Fig. 1A and 1B show the compressive strength (88.39 ± 5.29 MPa) and a representative load-displacement curve of Alliment Cement. According to the previous report [39], the Ostopal V Cement has a compressive strength of 87 MPa, and there was no significant difference between these two kinds of bone cements (P > 0.05). In addition, the compressive strength of both products is higher than that specified by the ISO 5833 standard (not less than 70 MPa).

Fig. 1.

Compressive strength (A) and a representative load-displacement curve of spinal ABC products and specification in ISO5833.
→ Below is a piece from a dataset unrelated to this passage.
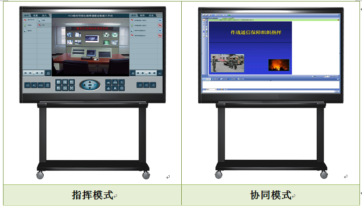 协同指挥一体化终端集成了投影机、白板、幕布、音响、电脑、电视机、指挥调度终端等诸多指挥交互和数据协同的功能。它内置处理系统及多个核心功能模块,信息综合处理能力强大,集中解决了作战指挥中远程音视频沟通,各种格式作战文档高清晰显示,视频文件播放,现场音响,屏幕书写,文件标注、保存、打印和分发等系统化会议需求;同时还内置电视接收功能和环绕声音响,满足指挥所内的闭路信号引入和声音外放。
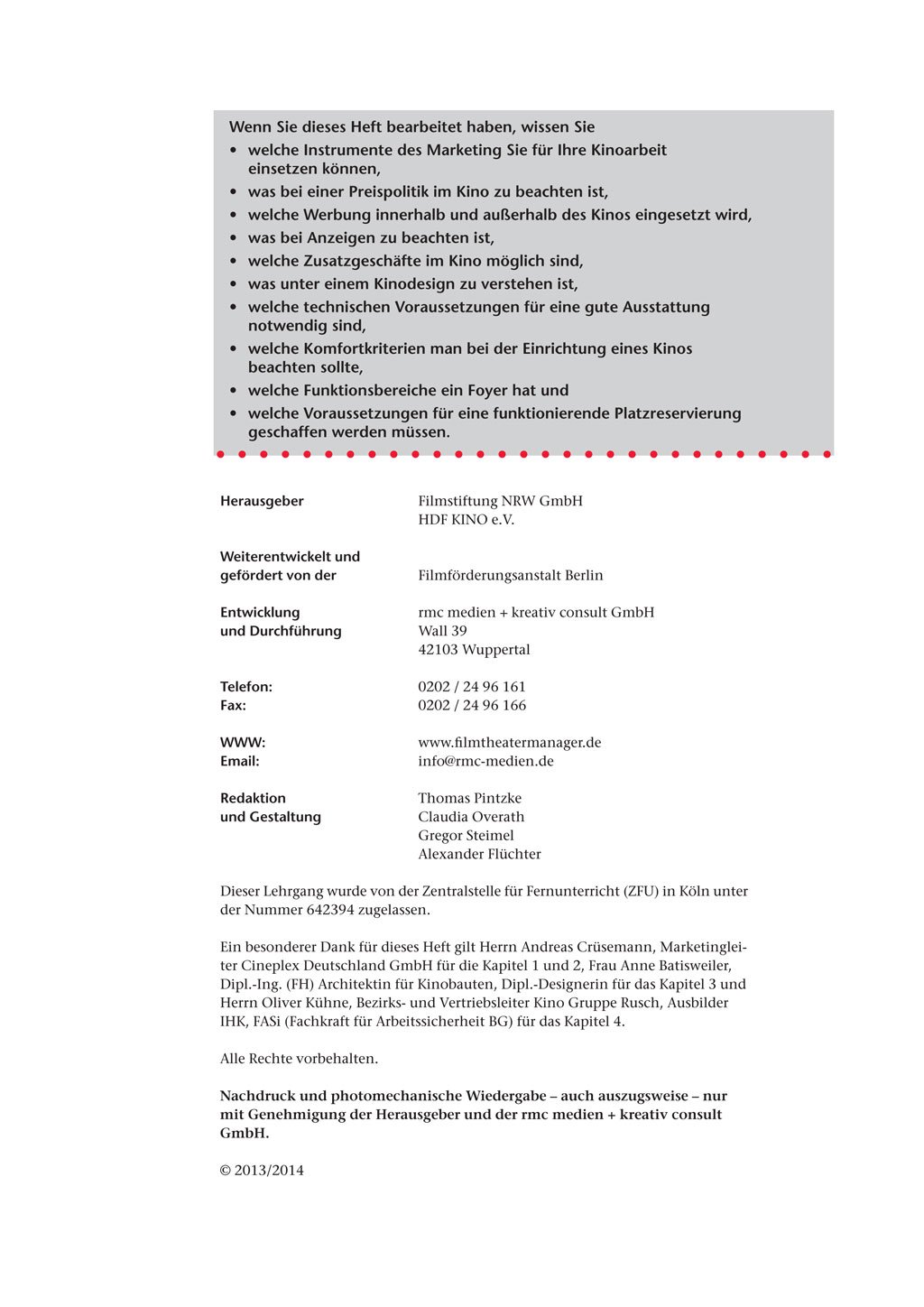 ZYKLUS 4 MARKETING 4 / Film- und Kinomarketing, Service und Ausstattung

3.1.2. Flexural properties

Flexural strength and modulus of both Alliment Cement and Osteopal V Cement are shown in Fig. 2A–B, respectively. Alliment Cement has a flexural strength and flexural modulus of 55.58 ± 4.27 MPa and 3279.32 ± 462.61 MPa, respectively. A previous report [39] showed that the flexural strength and flexural modulus of Osteopal V Cement are 58 MPa and 3100 MPa, respectively. The comparison between the Alliment and Osteopal V Cements in terms of flexural properties suggested that they are similar. The flexural properties of both Alliment and Osteopal V Cements also meet the requirements of ISO 5833. Further statistical analysis suggested that there is no significant difference ( P > 0.05) between these two kinds of cements.

Fig. 2.

The flexural properties of the spinal ABC products and specifications in ISO5833: (A) flexural strength and (B) flexural modulus.

3.1.3. Monomer release

Fig. 3 shows that monomer release results of Alliment Cement. The results indicate that the MMA release of both cements increases gradually overtime. After 14 d, the MMA release levels off at 305.26 μg/g for Alliment Cement. A similar monomer release trend for Osteopal® was also reported [40].

Fig. 3.

MMA monomer release profiles of bone cements.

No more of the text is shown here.